The opposite side of the depot is dominated by a large photographic reproduction of the Passatore icon altar piece from the sanctuary of St Mary of Grace, a 15th-century shrine on the ancient shepherds' transhumance route near Amatrice. Restorer Federica Di Napoli Rampolla points out the areas where the frescoes have been damaged. Nearby, Silvia Borghini is sorting out a box of rubble collected at the foot of the altar, setting the painted fragments aside. Later, they will be reset in their former position, recomposing the original fresco as nearly as possible to how it was before. Borghini was one of the 80 restorers who pieced together the jigsaw pieces of the vault in the basilica of St Francis of Assisi, which collapsed in the 1997 earthquake.

The Cittaducale depot contains a horde of bells rescued from church towers.

“Sometimes you have to work with the back of the fragments, rather than the front,” explained Federica Di Napoli Rampolla. “Often it's easier to fit the pieces together that way, because chips of colour often flake off. School children are very good at that. They have a quicker eye for shapes. Unfortunately, we can't use them here.”

Photographic archives help restorers' task.
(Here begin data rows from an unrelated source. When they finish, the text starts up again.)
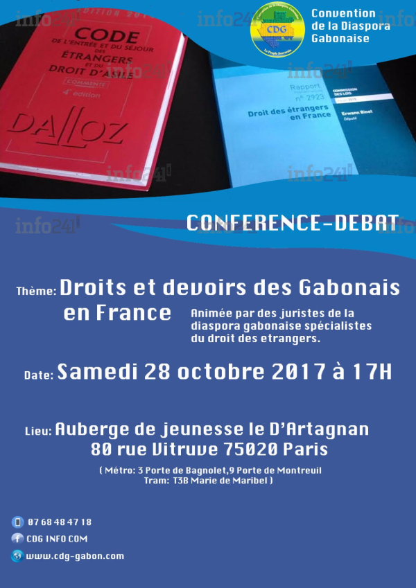 Dans un communiqué de presse parvenu ce mercredi à la rédaction d’Info241, la Convention de la Diaspora Gabonaise (CDG) informe à toute la communauté gabonaise de France, qu’après avoir été interpelée à maintes reprises par des compatriotes soucieux de connaître leurs droits en terre française, la CDG relance son cycle de conférence de conscientisation citoyenne par l’organisation d’une conférence ce samedi 28 octobre 2017 à Paris, axée sur les droits et devoirs des Gabonais en France .
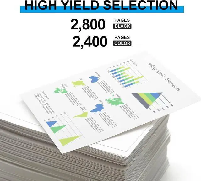 Page Yield: Print up to 2,800 Pages per Black, 2,400 Pages per Color Cartridge at 5% Coverage on Letter/A4
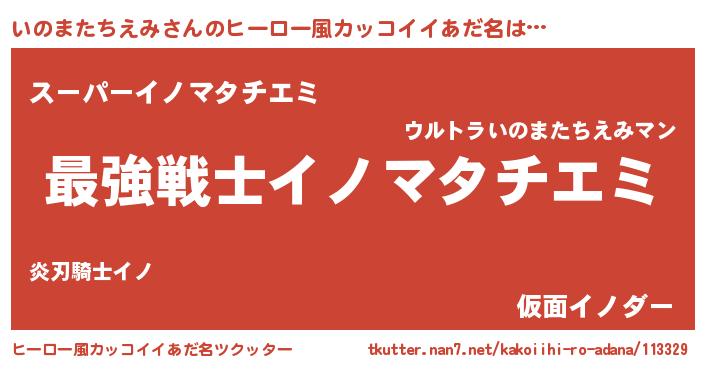 | 男性向けラノベタイトル風あだ名 | 『Re:いのまたちえみから始める異世界生活』 |
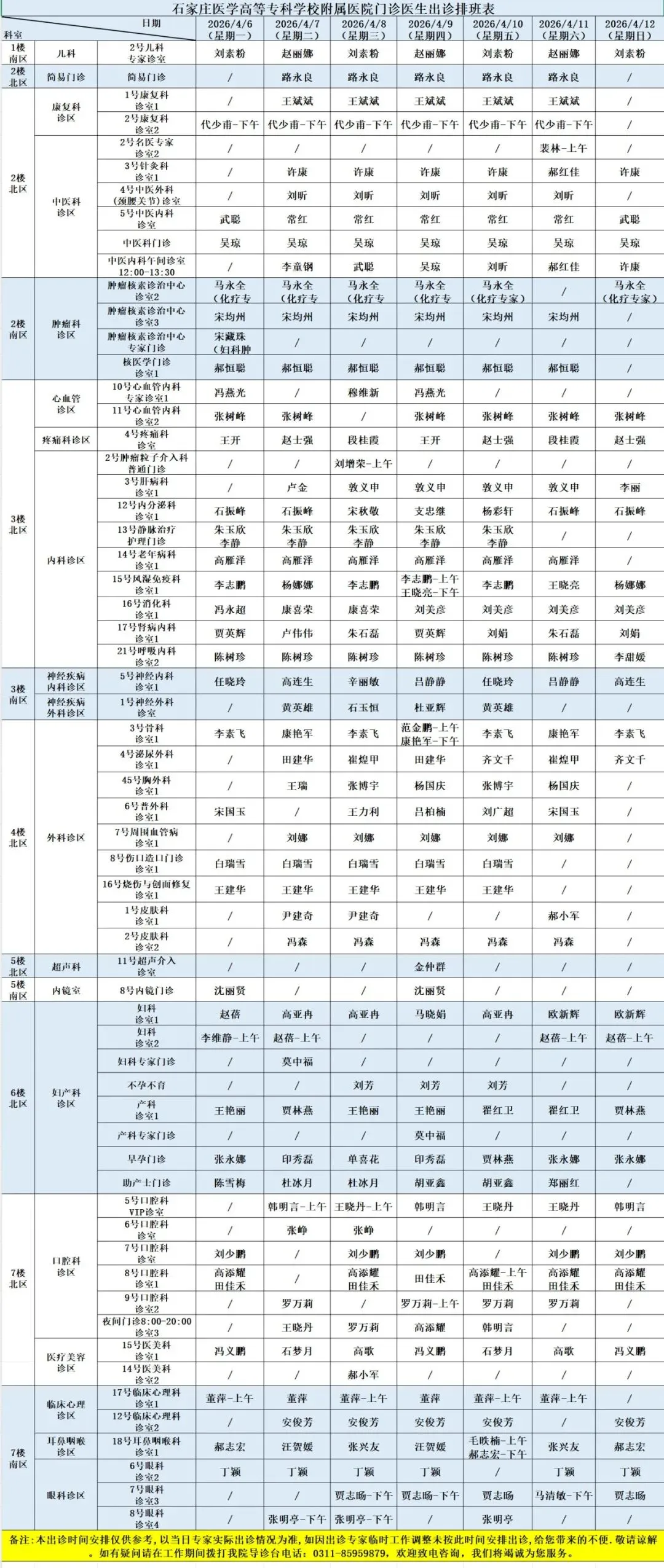 医院开设预防保健科、内科、外科、妇产科、儿科、眼科、耳鼻喉科、口腔科、皮肤科、医疗美容科、肿瘤科、急诊科、重症医学科、康复科、麻醉科、医学检验科、病理科、医学影像科、中医科等50余个一、二级临床、医技科室,能够完成疑难、危重患者的多学科综合治疗。
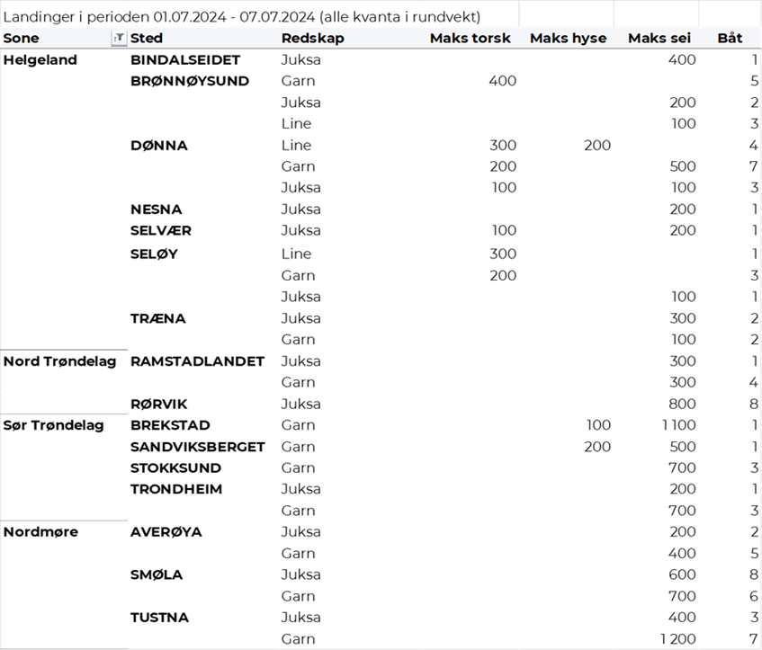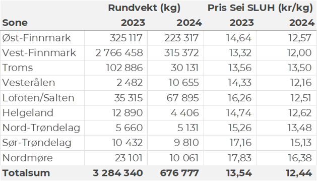 Omsetningen av fersk sei i uke 27 utgjorde 700 tonn til en verdi av 6,4 millioner kroner. Opp fra 580 tonn/5,5 millioner kroner uken før. Fangstene fordeler seg med 320 tonn tatt med snurrevad, 220 tonn på garn, 120 tonn på juksa og mindre kvanta på trål og lina. Størst aktivitet i Vest-Finnmark som står for 320 tonn av totalen, etterfulgt av Øst-Finnmark med 240 tonn og Lofoten/Salten med 70 tonn. Mindre kvanta i resterende områder, jf. tabell 4.

Some 20 years ago, Italy's heritage defence police, a special branch of the carabinieri, began documenting and cataloguing the country's immense artistic patrimony in order to clamp down on art smuggling and illegal sales. This work continues, with the result that now over five million works of art from all parts of the country are listed and described in detail. 
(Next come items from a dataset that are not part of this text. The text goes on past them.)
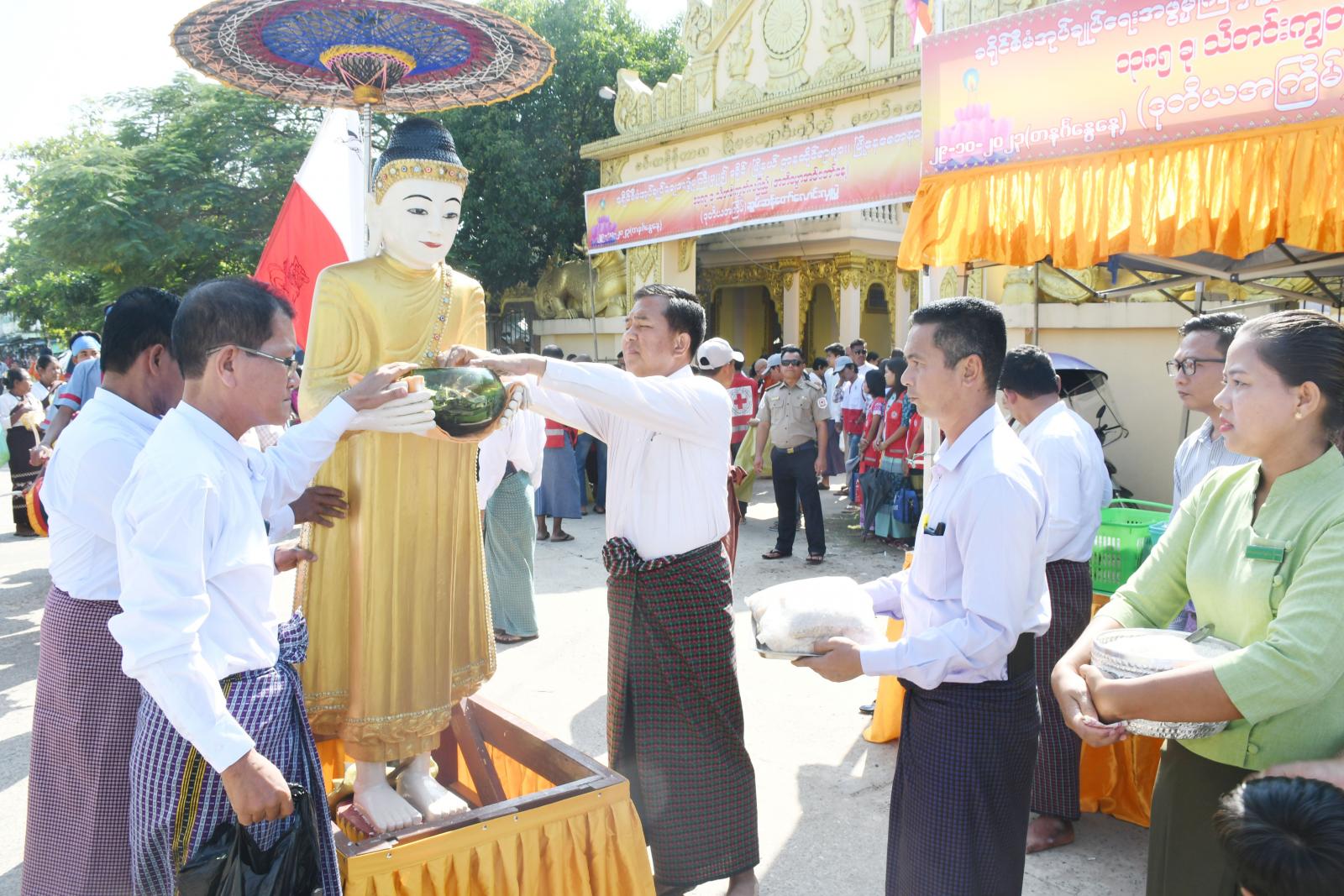 ထိုသို့ ဆွမ်းဆန်စိမ်းလောင်းလှူရာတွင် ခရိုင်စီမံအုပ်ချုပ်ရေးအဖွဲ့မှကြီးမှူး၍ ခရိုင်/မြို့နယ်အဆင့် ဌာနဆိုင်ရာများ၊ မြို့နေစေတနာရှင်များ၏ ဒုတိယအကြိမ်မြောက် ရခိုင်ရိုးရာအစဉ်အလာအတိုင်း စုပေါင်းဆွမ်းဆန်တော်လောင်းလှူပွဲကို ကျင်းပပြုလုပ်ရာ ရဟန်း၊ သံဃာတော်အရှင်သူမြတ်များအား မြို့မဘုန်းတော်ကြီးကျောင်းတိုက်မှ စတင်ထွက်ခွာကာ ဈေးကြီးတစ်ပတ်လမ်းမကြီးအတိုင်း စီတန်းလည့်လည်ကာ ရဟန်း၊ သံဃာတော်အပါး(၁၄၀)ခန့်အား ဆွမ်းဆန်စိမ်းနှင့် လှူဖွယ်ဝတ္ထုပစ္စည်းများအား စည်းကားသိုက်မြိုက်စွာ လောင်းလှူခဲ့ကြောင်းသိရသည်။
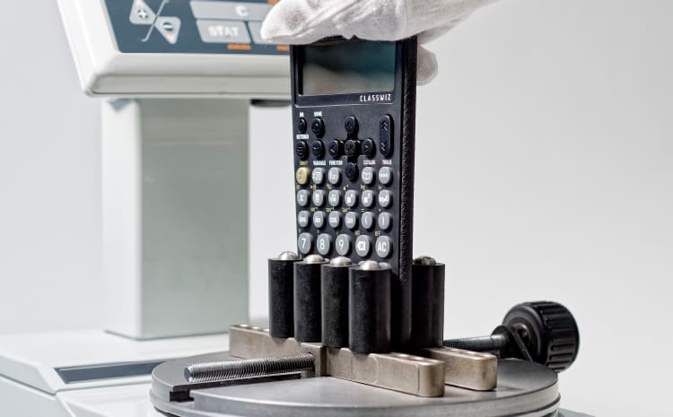 This test considers the kinds of stressors that might be placed on scientific calculators when they are pressed on by study materials or other external pressures, such as when the calculator is carried inside a bag on the way to school.
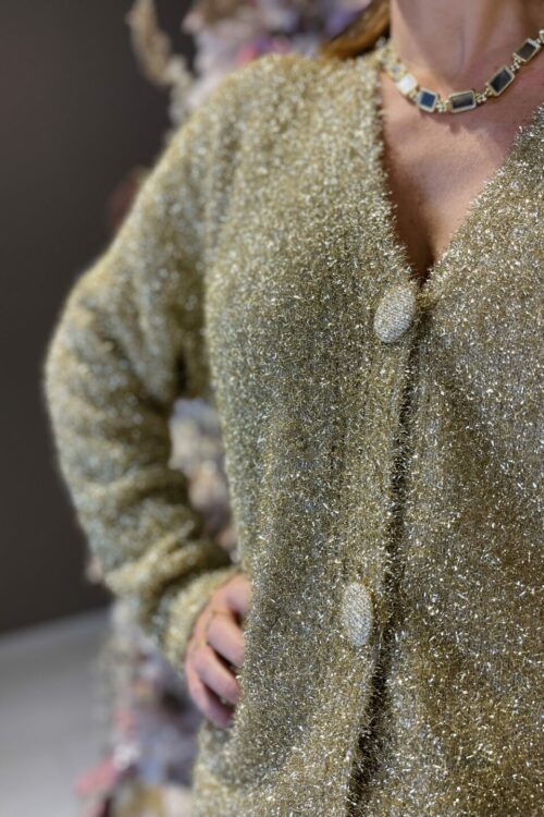 Maxi Cardigan Oro Lurex con Bottoni Oro – Manica Lunga
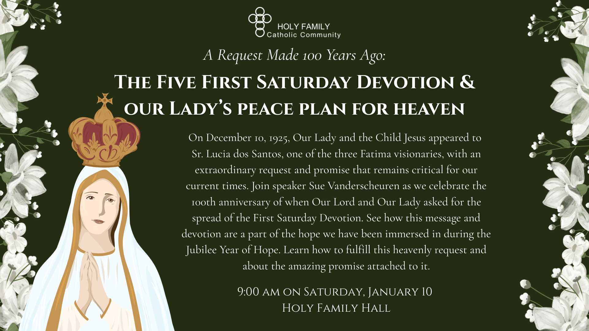 On December 10, 1925, Our Lady and the Child Jesus appeared to Sr. Lucia dos Santos, one of the three Fatima visionaries, with an extraordinary request and promise that remains critical for our current times. Join us as we celebrate the 100th anniversary of when Our Lord and Our Lady asked for the spread of the First Saturday Devotion with Sue Vanderscheuren’s talk “The Five First Saturday Devotion & Our Lady’s Peace Plan From Heaven” on Saturday, January 10 at 9:00 am in Holy Family Hall.
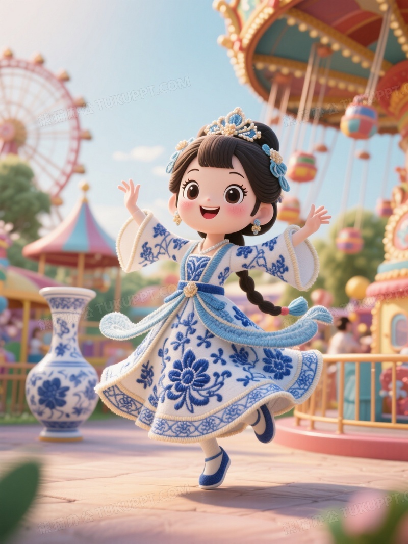 本作品内容为国风手绘立体刺绣以青花瓷为主体幻化的公主在游乐园玩耍, 格式为 jpg, 大小1 MB, 图片尺寸为1104 x 1472, 源文件无水印, 欢迎使用熊猫办公。 如认为平台内容涉嫌侵权,可通过邮件:tousu@tukuppt.com提出书面通知,我们将及时处理。
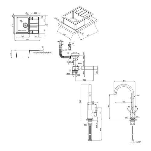 Матеріал | Штучний камінь – мийка, : нержавіюча сталь – змішувач |

Italy is the acknowledged world leader in the restoration field. Restorers follow the principles laid down by 20th-century art historian Cesare Brandi in his landmark treatise Teoria di Restauro, translated and studied all over the world. Brandi introduced the concept of using the combined skills of many experts, such as archaeologists, chemists, physicists, architects and manuscript and book pathologists.

Expertise is not lacking; the problem will be funding. Approximate time required for rebuilding is set (optimistically) at ten years and the estimated costs are astronomical. 

The cash-strapped Italian government is at present bearing the brunt of construction work but a new EU proposal could mean that Brussels will meet 95 per cent of reconstruction costs – instead of the present 50 per cent – for natural disasters such as earthquakes and floods in some regions. But other sources of funding will also be needed to cover many restoration costs. 

Restorers hope that the Art Bonus concession, introduced by Italian minister of culture Dario Francheschini, which gives private sponsors a 65 per cent tax rebate, will incentivise donors interested in preserving a unique historic landscape and giving communities back their spiritual and artistic soul.

This article was published in the July 2017 edition of Wanted in Rome magazine.